Her: There’s still a lot going on and it’s very limited. Your perception is...I mean, everyone’s perception is constantly growing and changing, but especially at that age the idea you would have to figure out yourself what to think….No, that’s something else dictating you a belief system. By chance as well, but what country, or family, you’re born into.

Me: That could apply to a lot of areas of life. Choice is like…You’re making me think about choice as a concept. Can we ever be sure we chose something? You can be more sure or less sure. But can you be sure?

Her: Good question. I don’t know what to say about that. The only thing I can say is that when I think about making choices there’s only the present and outcome...but I think...Right now my idea of choice is less about a desired outcome, less of an attachment to desire...Let’s move on, I don’t know what to say right now.

[Here we talk about Buddhism, colonialism, and identity politics.]

Me: What was the catalyst of your more recent interest in Buddhism?

Her: I think trying to rationalize, why am I the way I am right now? What factors affect the way I am? Obviously, culture, family, country, kinship...those sort of things. And also, realizing, if the Spanish hadn’t...came, maybe we would have been Buddhists. Maybe we would have been Muslims. Maybe we wouldn’t have had any religion at all.

Me: Who’s we? Your family?

Her: No, I’m talking about where I come from. We as in Filipinos. History was the catalyst in my change in thought and a shift to a more Buddhist perception and a way of making decisions. Still taking the time to understand history, and understand colonialism.

Me: I feel my whiteness as I ask you this, but do you feel like colonialism has impacted you personally?

Her: Yes. Indirectly. It does. The way I refer to it is a colonial aftermath.

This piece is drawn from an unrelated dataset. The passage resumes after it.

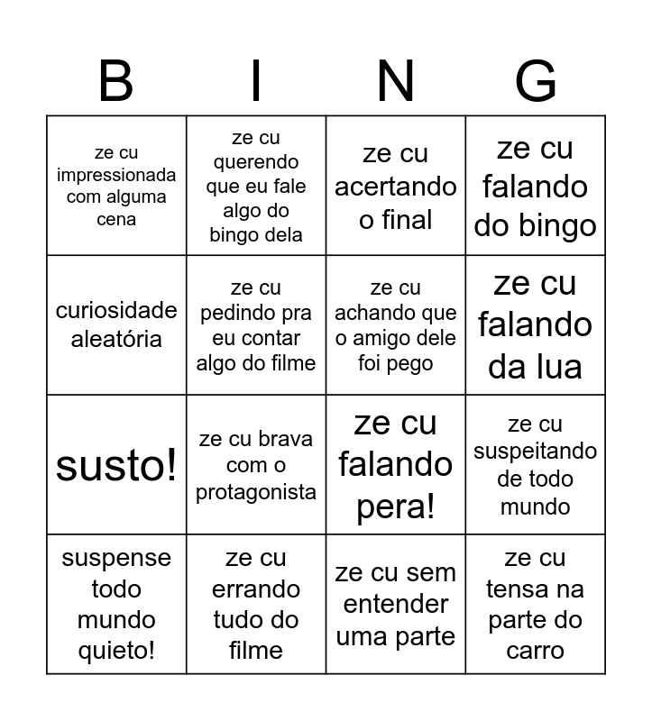 This bingo card has 16 words: ze cu errando tudo do filme, ze cu suspeitando de todo mundo, ze cu acertando o final, ze cu impressionada com alguma cena, susto!, ze cu querendo que eu fale algo do bingo dela, ze cu falando pera!, ze cu sem entender uma parte, curiosidade aleatória, ze cu pedindo pra eu contar algo do filme, suspense todo mundo quieto!, ze cu falando do bingo, ze cu brava com o protagonista, ze cu falando da lua, ze cu achando que o amigo dele foi pego and ze cu tensa na parte do carro.

The residual effects stay through generations.

Me: The echoes of the past?

Her: I’m taking a module on digital poetics in the global south. This is an idea taken from my professor, one way he describes it as a haunting. There’s no better way to put it: a haunting. Does colonialism affect me? Yeah, it does. In fact, it’s sort of a web. You know, you can link it back to mass production, industry in the global south, immigration, economy...I’m sort of just throwing different topics out, but you realize how it’s a web.

Me: I guess this might be what people talk about when they say the personal is political. The reverse is true, the political is personal.

Her: You know I had a conversation with a friend recently. She was complaining about the beliefs of the people she was living with. We’ve had conversations about fashionable communism.

Me: [I laugh.]

Her: People are having difficulties navigating the politically correct climate. At least, in urban centres like London, I can’t really speak to anything else beyond that. Would the personal be political? Well, politics has just sort of become, like...Maybe it always has been, but I see it more as a fashion statement. At least where I’m living.

Me: I think about how people express different political ideas just to engage in status games.

Her: Yes...The personal is political but it’s also circumstantial. I mean, I enjoy theory, but a lot of people’s engagement with theory is circumstantial, beneficial, what’s best for you to make it out and survive. Like, your views are what makes it easier for you. Living in a city like London...especially hanging around humanities students, young urban creatives [She does not say this pejoratively.] It’s very easy to make politics fashionable.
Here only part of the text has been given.